Today, Tawake uses traditional practices in combination with modern conservation techniques and science to protect habitats and fish populations in Fiji. He is a fellow at the University of the South Pacific and a founder of the Locally-Managed Marine Area Network, a coalition that implements community-based marine management in the biologically rich South Pacific. The network trains community members in scientific methods that validate traditional practices such as temporary no-take zones and seasonal bans. It is one of a number of conservation initiatives worldwide supported by the MacArthur Foundation that integrates local wisdom with the science of conservation.

The power of the tabu
Fiji's first locally managed marine area site was in the village of Ucunivanua, where clams were once plentiful. But by the early 1990s, "it could take a whole day to harvest clams because there weren't many in the mudflats," says Ratu Pio Radikedike, a young chief of Ucunivanua.

For two years in the late 1990s, the University of the South Pacific conducted training in environmental education and scientific skills with volunteers from Ucunivanua village. As an experiment, a team of 20 local managers staked out a no-take area in the mudflats near the village and asked the chief to hold a ceremony declaring a five-year tabu. The team sampled the clam population at 10-meter (10.9 yard) intervals, analyzing their results statistically and establishing a baseline of clam populations. Within a year, the numbers of clams in and adjacent to the refugia area were much higher and the size of clams larger. Soon villages throughout Fiji and the Pacific Region were inspired to set up their own locally managed marine areas. At the end of the three-year study in Ucunivanua, there was a 165-fold increase in clams inside the refugia and a 58-fold "reseeding" increase in the harvest sites nearby.

The return of the wrasse
In Tawake's home village of Daku, a four-year ban on taking all fish and marine resources, including humphead wrasse, is showing results.
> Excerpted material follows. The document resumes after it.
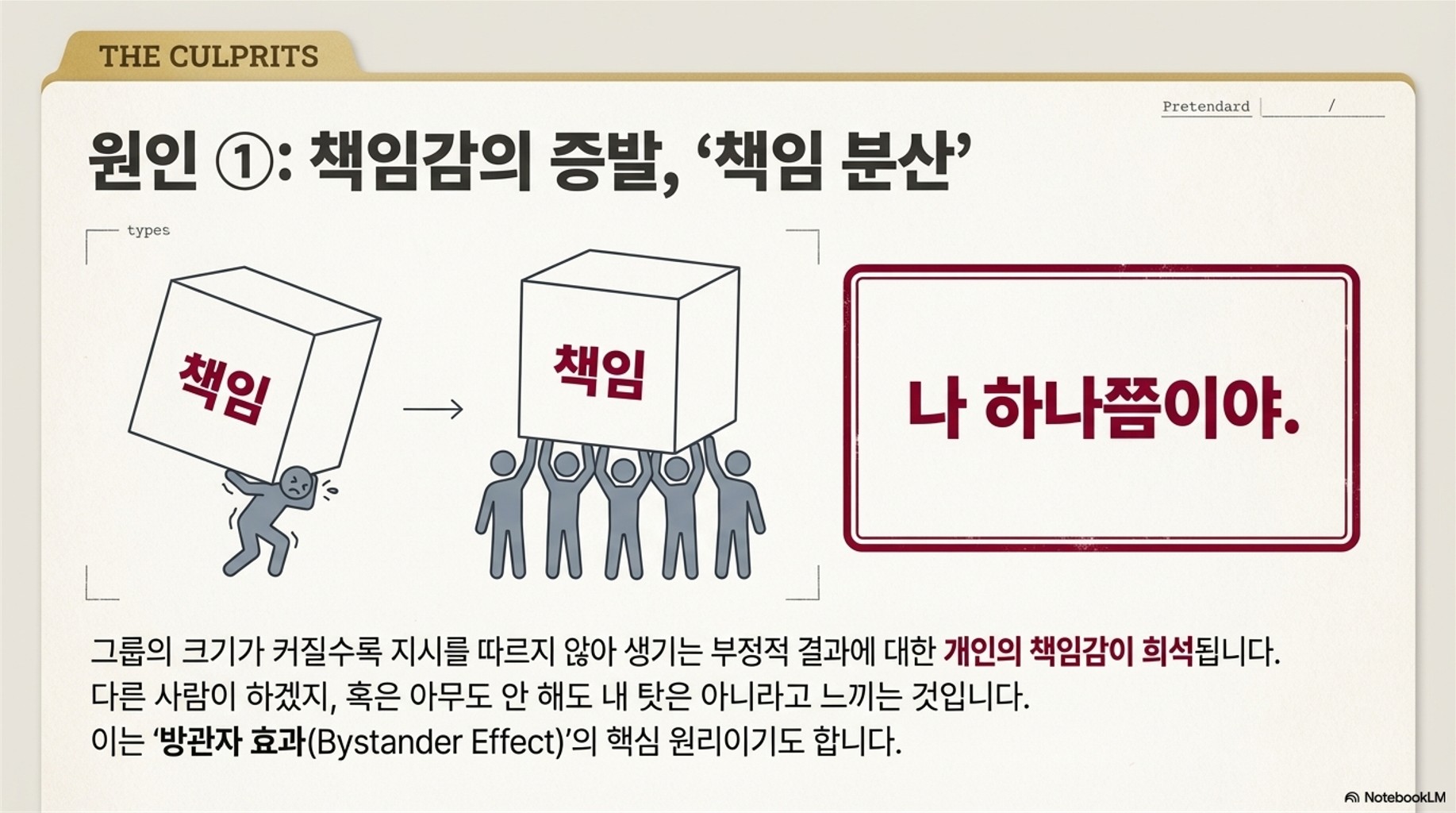 - 규범의 명확화 (집단):팀 프로젝트나 회의를 진행할 때, **'책임 소재를 명확히'** 해야 합니다. "누가 이 부분을 맡았죠?", "각자의 역할은 무엇인가요?" 등 개인의 역할을 끊임없이 상기시켜 책임 분산을 막는 것이 중요해요.

While the fish were once so scarce that each wrasse swam alone, in the past year groups of the fish have been spotted swimming together. The variety and numbers of fish have grown dramatically. And the leatherback turtle, after an absence of some 15 years, has reappeared on the beaches.

In Ratu Pio's village, the five-year tabu has been extended indefinitely, because the reseeding effect provides adequate supplies of clams. The chief now works as a technical advisor to the Fiji Department of Fisheries. "I am moving around Fiji spreading the gospel of conservation," he says. "Nearly all the places I go to and share my village experiences are following in the footsteps of Ucunivanua."